## DATASET EXCERPT
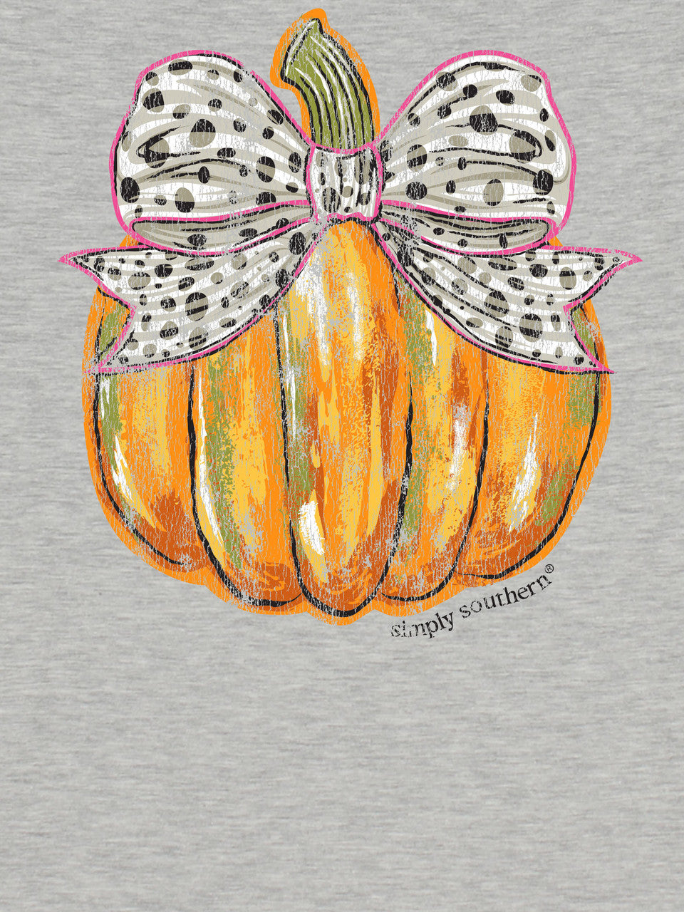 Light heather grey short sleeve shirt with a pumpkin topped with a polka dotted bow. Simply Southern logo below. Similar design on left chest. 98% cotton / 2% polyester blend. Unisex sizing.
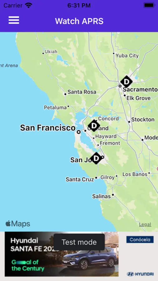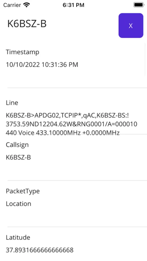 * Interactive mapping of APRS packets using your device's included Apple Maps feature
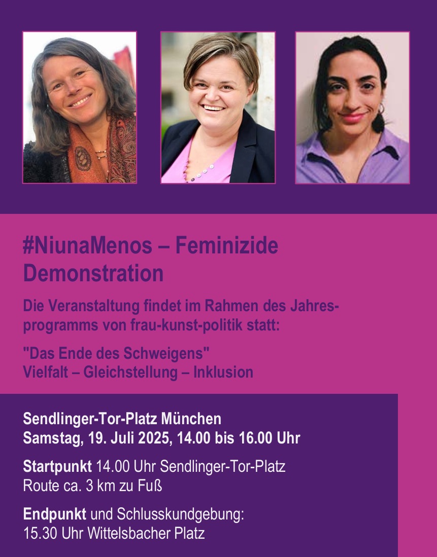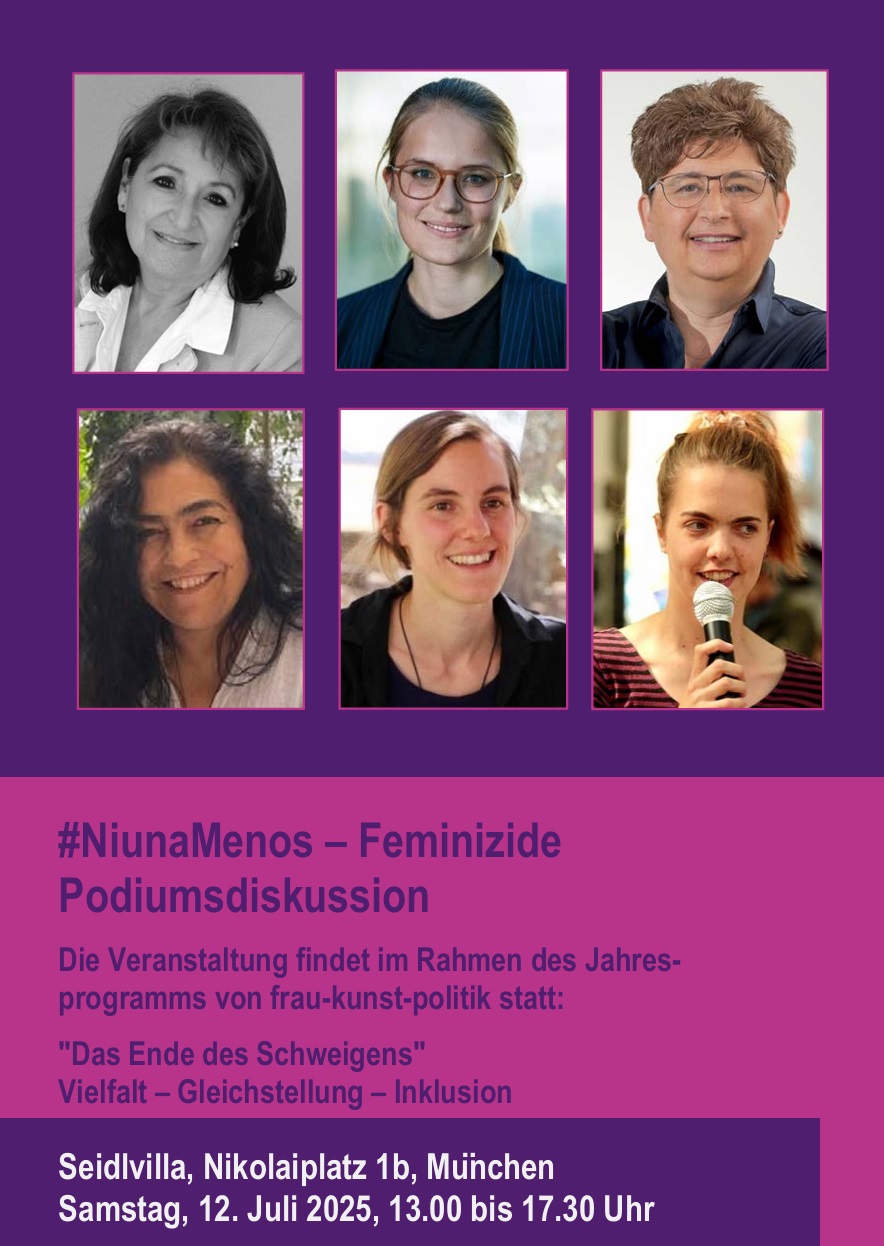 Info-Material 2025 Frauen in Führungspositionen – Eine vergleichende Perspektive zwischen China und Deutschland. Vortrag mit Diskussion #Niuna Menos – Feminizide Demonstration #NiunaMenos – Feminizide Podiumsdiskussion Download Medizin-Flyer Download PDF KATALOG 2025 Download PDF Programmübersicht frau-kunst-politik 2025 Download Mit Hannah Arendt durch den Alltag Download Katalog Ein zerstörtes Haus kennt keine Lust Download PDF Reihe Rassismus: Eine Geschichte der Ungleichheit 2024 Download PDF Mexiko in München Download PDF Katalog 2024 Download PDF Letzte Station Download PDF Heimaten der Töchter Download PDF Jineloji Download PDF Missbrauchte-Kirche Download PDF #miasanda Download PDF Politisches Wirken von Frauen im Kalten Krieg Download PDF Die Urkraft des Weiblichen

## TO DO
Repeat the data exactly, dropping every picture it holds.

## YOUR SOLUTION
 Light heather grey short sleeve shirt with a pumpkin topped with a polka dotted bow. Simply Southern logo below. Similar design on left chest. 98% cotton / 2% polyester blend. Unisex sizing.
 * Interactive mapping of APRS packets using your device's included Apple Maps feature
 Info-Material 2025 Frauen in Führungspositionen – Eine vergleichende Perspektive zwischen China und Deutschland. Vortrag mit Diskussion #Niuna Menos – Feminizide Demonstration #NiunaMenos – Feminizide Podiumsdiskussion Download Medizin-Flyer Download PDF KATALOG 2025 Download PDF Programmübersicht frau-kunst-politik 2025 Download Mit Hannah Arendt durch den Alltag Download Katalog Ein zerstörtes Haus kennt keine Lust Download PDF Reihe Rassismus: Eine Geschichte der Ungleichheit 2024 Download PDF Mexiko in München Download PDF Katalog 2024 Download PDF Letzte Station Download PDF Heimaten der Töchter Download PDF Jineloji Download PDF Missbrauchte-Kirche Download PDF #miasanda Download PDF Politisches Wirken von Frauen im Kalten Krieg Download PDF Die Urkraft des Weiblichen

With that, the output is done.